START Task data

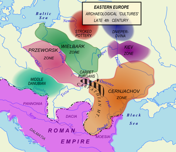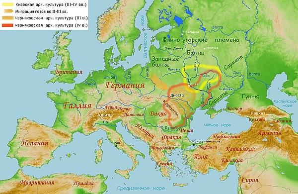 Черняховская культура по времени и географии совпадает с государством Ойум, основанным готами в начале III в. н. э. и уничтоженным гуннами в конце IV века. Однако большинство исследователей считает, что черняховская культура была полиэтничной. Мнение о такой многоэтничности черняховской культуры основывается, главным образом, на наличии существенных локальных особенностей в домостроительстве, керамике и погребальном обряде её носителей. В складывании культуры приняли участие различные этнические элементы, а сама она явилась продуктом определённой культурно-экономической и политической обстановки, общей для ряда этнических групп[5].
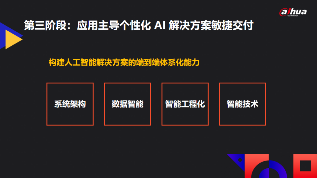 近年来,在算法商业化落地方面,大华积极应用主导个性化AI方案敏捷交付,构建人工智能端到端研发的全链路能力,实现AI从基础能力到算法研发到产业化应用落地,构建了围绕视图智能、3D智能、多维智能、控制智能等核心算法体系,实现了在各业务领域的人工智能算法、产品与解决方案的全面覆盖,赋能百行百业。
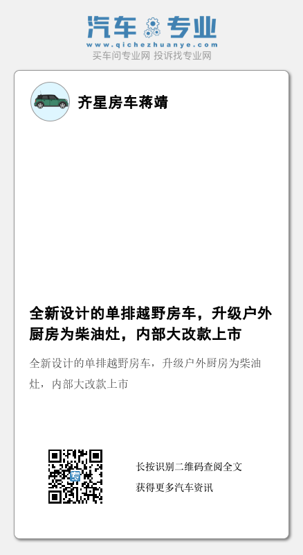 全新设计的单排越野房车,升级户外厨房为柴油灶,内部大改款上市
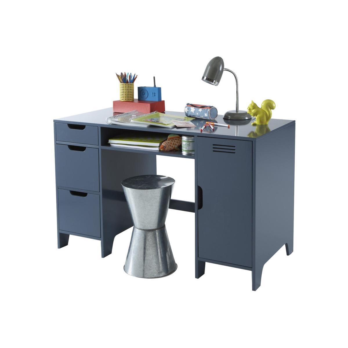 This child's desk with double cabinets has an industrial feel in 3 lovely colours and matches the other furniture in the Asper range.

END Task data
START Task data

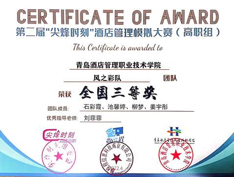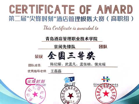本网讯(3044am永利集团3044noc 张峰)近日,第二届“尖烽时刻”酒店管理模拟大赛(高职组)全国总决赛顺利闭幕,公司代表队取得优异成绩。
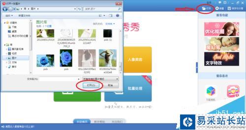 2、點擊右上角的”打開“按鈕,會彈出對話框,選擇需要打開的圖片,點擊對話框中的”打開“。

END Task data

What needs to be done: In the listing above, find the line holding "Черняховская культура по" and the line holding "This child's desk". Reproduce those two lines and all between them exactly, leaving out pictures.

Reply:
 Черняховская культура по времени и географии совпадает с государством Ойум, основанным готами в начале III в. н. э. и уничтоженным гуннами в конце IV века. Однако большинство исследователей считает, что черняховская культура была полиэтничной. Мнение о такой многоэтничности черняховской культуры основывается, главным образом, на наличии существенных локальных особенностей в домостроительстве, керамике и погребальном обряде её носителей. В складывании культуры приняли участие различные этнические элементы, а сама она явилась продуктом определённой культурно-экономической и политической обстановки, общей для ряда этнических групп[5].
 近年来,在算法商业化落地方面,大华积极应用主导个性化AI方案敏捷交付,构建人工智能端到端研发的全链路能力,实现AI从基础能力到算法研发到产业化应用落地,构建了围绕视图智能、3D智能、多维智能、控制智能等核心算法体系,实现了在各业务领域的人工智能算法、产品与解决方案的全面覆盖,赋能百行百业。
 全新设计的单排越野房车,升级户外厨房为柴油灶,内部大改款上市
 This child's desk with double cabinets has an industrial feel in 3 lovely colours and matches the other furniture in the Asper range.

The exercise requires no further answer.